Work Your Mind As Well As Your Body for Improved Performance

March 31, 2005

Do you hardly ever miss class, put all your effort into your dancing and strive to perfect your technique day after day, yet still don’t see the results you’d like? Well, it could be all in your head. Sports psychologists have discovered that athletes (including dancers) must train their minds as well as their bodies. Try incorporating the following tips into your daily regimen for a true body-mind workout.


Set Goals

Have you noticed that often when you set specific goals you suddenly acquire the will to achieve them? If so, you’re not alone. Sports psychologists such as Robert Weinberg and Daniel Gould, co-authors of Foundations of Sport and Exercise Psychology, emphasize setting long-term goals (ranging between three months to two years) and short-term goals (anything between daily to monthly) that are challenging, yet realistic.

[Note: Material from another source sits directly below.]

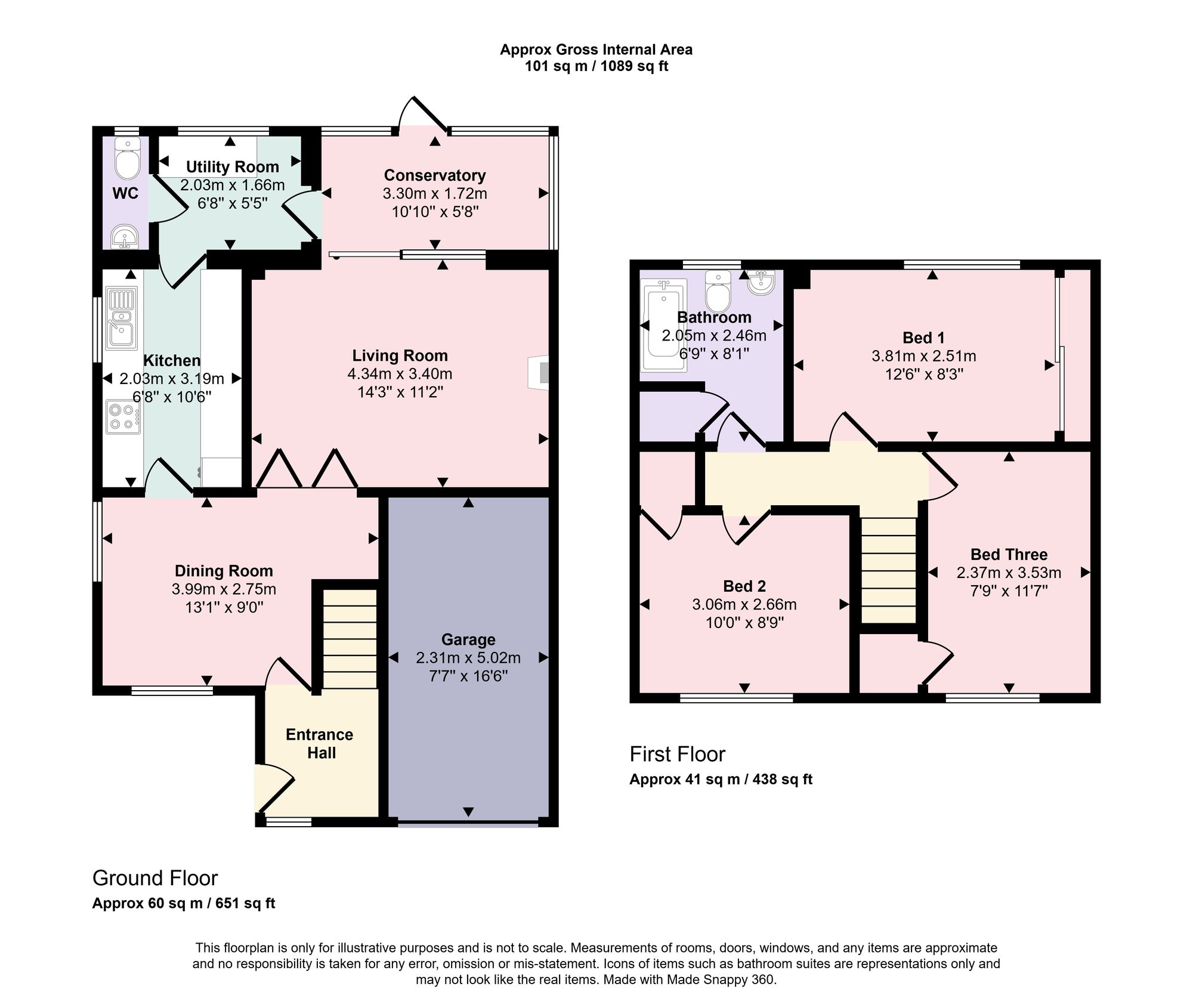 The first floor landing gives access to the loft space and doors lead to all rooms. The property offers three well sized double bedrooms which includes the master bedroom set at the rear of the house and benefits from fitted wardrobes. Bedrooms two and three also offer fitted storage and still allow space for freestanding bedroom furniture. The well appointed bathroom suite comprises a panel enclosed bath with shower over, an inset wash hand basin and WC, radiator to one wall and tiling to the principal areas.

A good formula to remember when setting goals is the acronym SMART: specific, measurable, attainable, realistic and within a designated time period. “I will attend a summer intensive course next year,” is an example of a long-term goal, while short-term goals are more immediate targets, such as committing yourself to improve your right split through daily half-hour stretching sessions, or promising to try a new dance technique each month.

Be an Optimist

Take responsibility as a dancer to give yourself positive mental encouragement. Congratulate yourself for mastering a step, and psych yourself up to try a challenging move one more time. By saying “I can do it,” you acknowledge that your goals are within your reach, making it more likely that you will succeed in executing that difficult step. Optimism and a positive mental balance go hand in hand, as your brain releases feel-good chemicals called endorphins, which help you to focus on achievement rather than defeat. A negative attitude, on the other hand, only sets you up for failure.

Visualize

Visualization is the re-creation of an image or experience in the mind, which may be linked to sensory experiences such as seeing, hearing or feeling. Eric Franklin, director of the Institute for Movement Imagery Education in Lucerne, Switzerland, advocates employing imagery to improve not only the execution of steps, but also performance quality. This method can help release muscle tension, making your dancing smoother and more graceful. (Releasing tension is also critical to preventing and dealing with injury.) Try this relaxation exercise: “[Contract] your shoulder blades tightly then slowly release them, while imagining them filling with water, like a sponge,” Franklin suggests. You’ll be surprised at how relaxed your muscles will feel.

Another exercise for strengthening your mind-to-muscle connection is to visualize specific movements before executing them. As an example, go through all the components of a grand jeté in your head, from takeoff to landing. When your brain imagines your body jumping off the ground with your legs in a wide split, it sends small impulses via the nervous system to the actual muscles used to perform a jeté. Though these impulses are the same ones that are initiated when you do perform the movement, they are too small to actually influence the muscles into action, so you won’t spontaneously jeté just by thinking about it. Nevertheless, visualization establishes a nerve pathwaybetween your brain and the muscles associated with that action.

When you physically practice the movement, your brain will recall how it has stored the directions for that movement and will send the correct signals directly to the muscles. This frees you up to think about more important things, like the choreography.

Keep on Dancin’

If you focus on mistakes while onstage, your attention shifts, which could cause your performance quality and emotions to slump. It doesn’t matter if you turned a triple pirouette into a single—all dancers make mistakes. Carry on as if nothing’s happened, and convey to your audience the love you feel for dancing, and nobody will remember the flub. You’ll look more professional, too.